Önceki yazımızda İslam’ın toplumsal değişim modelinin, siyasal mücadele ile topluma yönelik dâvet çalışmalarında eşgüdüm ve eşzamanlılığı gerekli kıldığını belirtmiş ve bugün, yaşadığımız coğrafyada bu iki yükümlülüğün de hakkının verilemediğini savunmuştuk. İnşaallah birkaç yazı boyunca bu konuyu ele almaya ve durum tesbitinin ötesinde yapılması gerekli olduğuna inandıklarımızı ifade etmeye çalışacağız.
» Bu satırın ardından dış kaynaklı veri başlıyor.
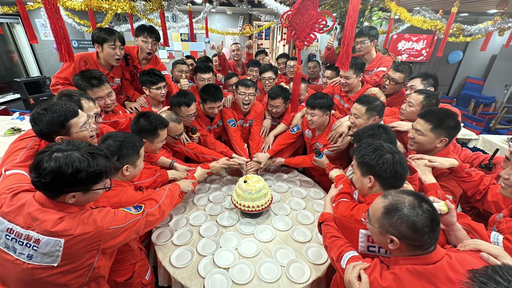 2月9日,“深海一号”大气田员工共同切蛋糕庆新春。新华社发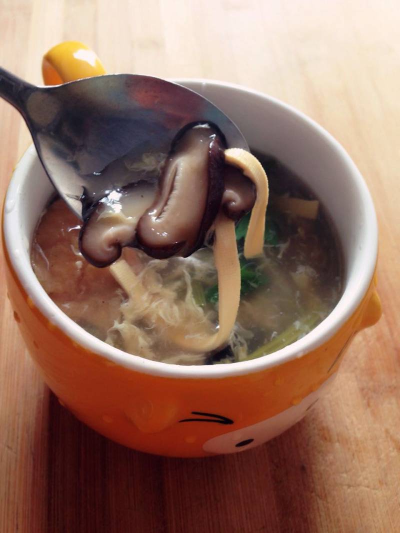 2:汤锅中放入香菇、木耳、百叶、火腿加水,大火烧开,转小火烧5分钟,加两勺醋烧开,转大火倒入水淀粉,搅拌均匀烧开

Öncelikle şunu ifade etmemiz gerekir ki,
Önceki yazımızda İslam’ın toplumsal değişim modelinin, siyasal mücadele ile topluma yönelik dâvet çalışmalarında eşgüdüm ve eşzamanlılığı gerekli kıldığını belirtmiş ve bugün, yaşadığımız coğrafyada bu iki yükümlülüğün de hakkının verilemediğini savunmuştuk. İnşaallah birkaç yazı boyunca bu konuyu ele almaya ve durum tesbitinin ötesinde yapılması gerekli olduğuna inandıklarımızı ifade etmeye çalışacağız.
Öncelikle şunu ifade etmemiz gerekir ki, İslam, “tek dünyalı” beşeri dünya görüşlerinden farklı olarak “iki dünyalı” bir hayat nizamıdır. O, insanların hem dünya ve hem de ahiret saadetiyle ilgilenir. Ve bu iki saadeti birbirinden bağımsız değil, birbirinin olmazsa olmazı olarak ele alır. Ahiret bilincinden bağımsız bir dünya hayatı da, dünya hayatını inşa etmekten uzak bir ahiret inancı da insanı her iki cihanda da hüsrana götürür. Bu sebepledir ki, Rabbimiz biz kullarına “Rabbimiz! Bize dünyada da, ahirette de iyilik ver…” (Bakara 2 / 201) duasını öğretmiştir.
İslam, Allah’ın ipine topluca sarılmayı öngören kolektif bilinç eksenli bir hayat nizamı olmakla birikte, hesap günü her kişi hesabını tek başına verecektir ve yalnızca kendi yapıp etmelerinden yükümlü tutulacaktır. Dolayısıyla aslolan fertlerin İslamlaşması, insanların Allah’ın huzuruna hesaplarını verebilecek amellerle çıkmasıdır. Toplumun ve toplumsal iktidarın İslamlaşması da bu zeminde anlam kazanmaktadır. İslami mücadele ve İslami siyasetin temeldeki amacı da budur: Yeryüzünde ilahlık taslayıp insanları kula kulluğa zorlayan bâtıl otoritelerin ortadan kaldırılması ve böylece toplumların Allah’ın ölçüleriyle muhatap kılınması.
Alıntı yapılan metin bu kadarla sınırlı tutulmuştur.